Using Amazon S3 Access Grants with EMR Serverless - Amazon EMR

Using Amazon S3 Access Grants with EMR Serverless

S3 Access Grants overview for EMR Serverless

With Amazon EMR releases 6.15.0 and higher, Amazon S3 Access Grants provide a scalable access control solution that you can use to augment access to your Amazon S3 data from EMR Serverless. If you have a complex or large permission configuration for your S3 data, you can use Access Grants to scale S3 data permissions for users, roles, and applications.

Use S3 Access Grants to augment access to Amazon S3 data beyond the permissions granted by the runtime role or the IAM roles that are attached to the identities with access to your EMR Serverless application.

For more information, see Managing access with S3 Access Grants for Amazon EMR in the Amazon EMR Management Guide and Managing access with S3 Access Grants in the Amazon Simple Storage Service User Guide.

This section describes how to launch an EMR Serverless application that uses S3 Access Grants to provide access to data in Amazon S3. For steps to use S3 Access Grants with other Amazon EMR deployments, see the following documentation:

Launch an EMR Serverless application with S3 Access Grants for data management

You can enable S3 Access Grants on EMR Serverless and launch a Spark application. When your application makes a request for S3 data, Amazon S3 provides temporary credentials that are scoped to the specific bucket, prefix, or object.

  1. Set up a job execution role for your EMR Serverless application.

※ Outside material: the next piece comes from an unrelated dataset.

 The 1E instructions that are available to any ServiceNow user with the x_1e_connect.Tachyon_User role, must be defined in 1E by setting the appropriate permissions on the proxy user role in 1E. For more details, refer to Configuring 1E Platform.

Include the required IAM permissions that you need to run Spark jobs and use S3 Access Grants, s3:GetDataAccess and s3:GetAccessGrantsInstanceForPrefix:

    { "Effect": "Allow", "Action": [ "s3:GetDataAccess", "s3:GetAccessGrantsInstanceForPrefix" ], "Resource": [ //LIST ALL INSTANCE ARNS THAT THE ROLE IS ALLOWED TO QUERY "arn:aws_partition:s3:Region:account-id1:access-grants/default", "arn:aws_partition:s3:Region:account-id2:access-grants/default" ] }

    If you specify IAM roles for job execution that have additional permissions to access S3 directly, then users will be able to access the data permitted by the role even if they don't have permission from S3 Access Grants.

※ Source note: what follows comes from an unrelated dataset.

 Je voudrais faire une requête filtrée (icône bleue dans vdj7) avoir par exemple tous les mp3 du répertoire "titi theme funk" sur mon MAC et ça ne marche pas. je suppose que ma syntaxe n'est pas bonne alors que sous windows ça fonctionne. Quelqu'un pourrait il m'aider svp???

  2. Launch your EMR Serverless application with an Amazon EMR release label of 6.15.0 or higher and the spark-defaults classification, as the following example shows. Replace the values in red text with the appropriate values for your usage scenario.

    aws emr-serverless start-job-run \ --application-id application-id \ --execution-role-arn job-role-arn \ --job-driver '{ "sparkSubmit": { "entryPoint": "s3://us-east-1.elasticmapreduce/emr-containers/samples/wordcount/scripts/", "entryPointArguments": ["s3://DOC-EXAMPLE-BUCKET-OUTPUT/wordcount_output"], "sparkSubmitParameters": "--conf spark.executor.cores=1 --conf spark.executor.memory=4g --conf spark.driver.cores=1 --conf spark.driver.memory=4g --conf spark.executor.instances=1" } }' \ --configuration-overrides '{ "applicationConfiguration": [{ "classification": "spark-defaults", "properties": { "spark.hadoop.fs.s3.s3AccessGrants.enabled": "true", "spark.hadoop.fs.s3.s3AccessGrants.fallbackToIAM": "false" } }] }'

S3 Access Grants considerations with EMR Serverless

For important support, compatibility, and behavioral information when you use Amazon S3 Access Grants with EMR Serverless, see S3 Access Grants considerations with Amazon EMR in the Amazon EMR Management Guide.